The HTML charset Attribute
The charset attribute specifies the character encoding for the HTML document.
<meta charset="UTF-8">
The HTML specification strongly recommends using UTF-8.
UTF-8 supports almost all characters and symbols used worldwide.
Why UTF-8?
UTF-8 is a Unicode-based encoding that allows text from nearly every written language.
It is the default and most widely used encoding on the modern web.
The ASCII Character Set
ASCII was the first character encoding standard used on the web.
It defines 128 basic characters, including:
- English letters (A–Z, a–z)
- Digits (0–9)
- Basic symbols (! $ + - ( ) @ < > . # ?)
The ANSI Character Set (Windows-1252)
ANSI, also known as Windows-1252, was the first character set used by Windows systems.

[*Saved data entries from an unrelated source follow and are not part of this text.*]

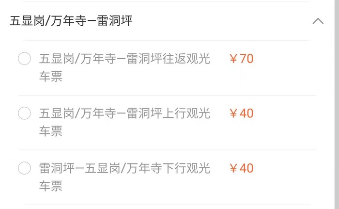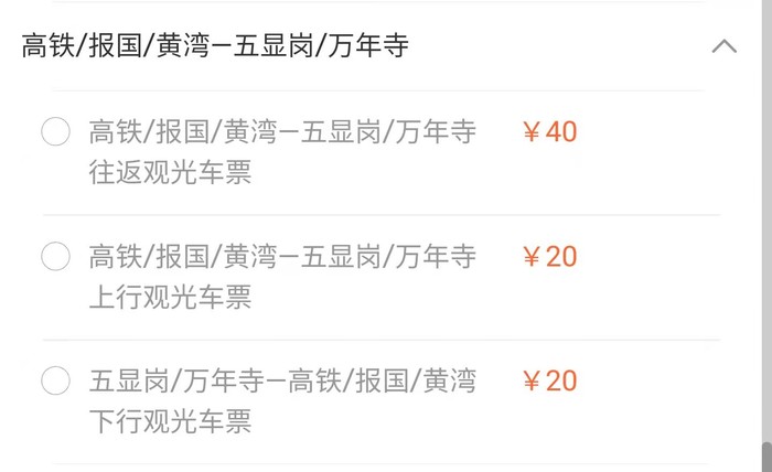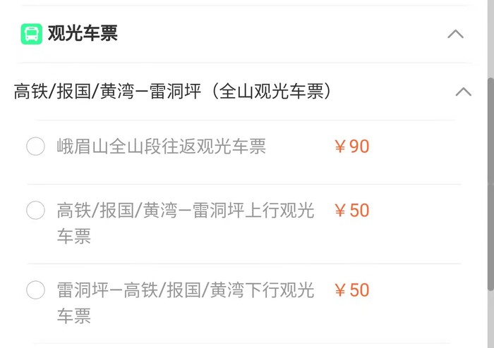 (1)、全山段+往返+观光车票,90元(学生证不打折)
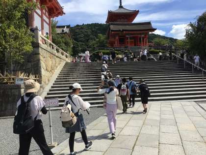 清水寺を参拝しました。清水の舞台から見る景色は素晴らしく、釘を一切使わずに作られている技術にも驚かされました。
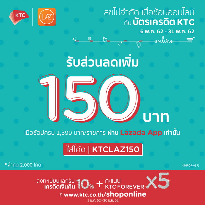 “เคทีซี” หรือ บริษัท บัตรกรุงไทย จำกัด (มหาชน) จัดแพ็ค 3 สิทธิพิเศษให้กับสมาชิกที่ซื้อสินค้าออนไลน์ผ่านแอปพลิเคชัน “Lazada” (1) รับทันทีส่วนลด 150 บาท เมื่อชำระค่าสินค้าด้วยบัตรเครดิตเคทีซีครบ 1,399 บาทต่อรายการ และระบุรหัสส่วนลด “KTCLAZ150” (จำกัด 2,000 โค้ดเท่านั้น) ระหว่างวันที่ 6 พฤษภาคม 2562 – 31 พฤษภาคม 2562 (2) แลกรับเครดิตเงินคืน 10% และ (3) รับคะแนน KTC FOREVER x5 (คะแนนปกติ 1 เท่า และคะแนนพิเศษ 4 เท่า) โดยสิทธิพิเศษที่ 2 และ 3 จะต้องใช้คะแนน KTC FOREVER เท่ากับยอดซื้อต่อรายการในการแลกรับ และลงทะเบียนผ่าน www.ktc.co.th/shoponline ระหว่างวันที่ 1 มกราคม 2562 – 30 มิถุนายน 2562
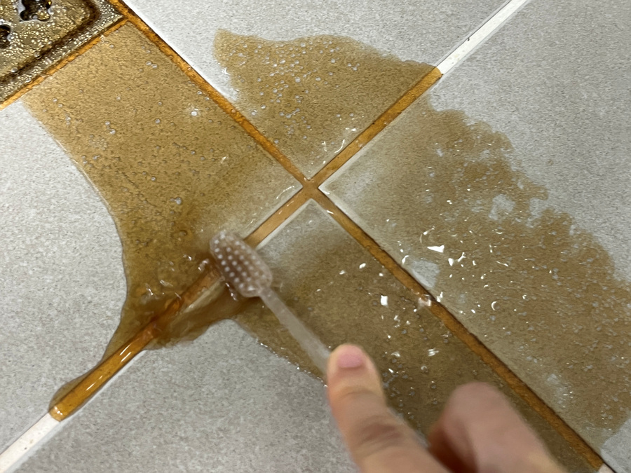 - 1시간 방치 후 청소 솔로 문질러 닦기

- Characters 0–127 are identical to ASCII
- Characters 128–159 include special symbols
- Characters 160–255 match UTF-8 and ISO-8859-1
<meta charset="Windows-1252">
The ISO-8859-1 Character Set
ISO-8859-1 was the default character set for HTML 4.
- Identical to ASCII for values 0–127
- Does not define characters 128–159
- Matches ANSI and UTF-8 for values 160–255
HTML 4 example:
<meta http-equiv="Content-Type" content="text/html;charset=ISO-8859-1">
HTML 5 example:
<meta charset="ISO-8859-1">
The UTF-8 Character Set
UTF-8 is backward-compatible with ASCII and extends far beyond it.
- 0–127: identical to ASCII
- 128–159: unused
- 160–255: compatible with ANSI and ISO-8859-1
- 256+: supports thousands of additional characters
<meta charset="UTF-8">
Examples of UTF-8 Characters
Basic Latin
ABCD abcd 0123 ?#$%
Latin Extended
Ā Ă Ą Ć Ĉ Ċ Ē Ĕ Ė Ę
Diacritical Marks
à á â ã è é ê ẽ ò ó ô õ
General Punctuation
‰ ‱ ⁒ ‼ ⁇ ⁈ ⁉
Super and Subscript
C⁰ Cⁱ C⁴ C⁵ C₆ C₇ C₈
Braille Characters
⠓⠑⠇⠇⠕ ⠺⠕⠗⠇⠙
Summary
Using UTF-8 ensures correct display of text, symbols, emojis, and international characters.
For modern websites, UTF-8 is the safest and recommended encoding choice.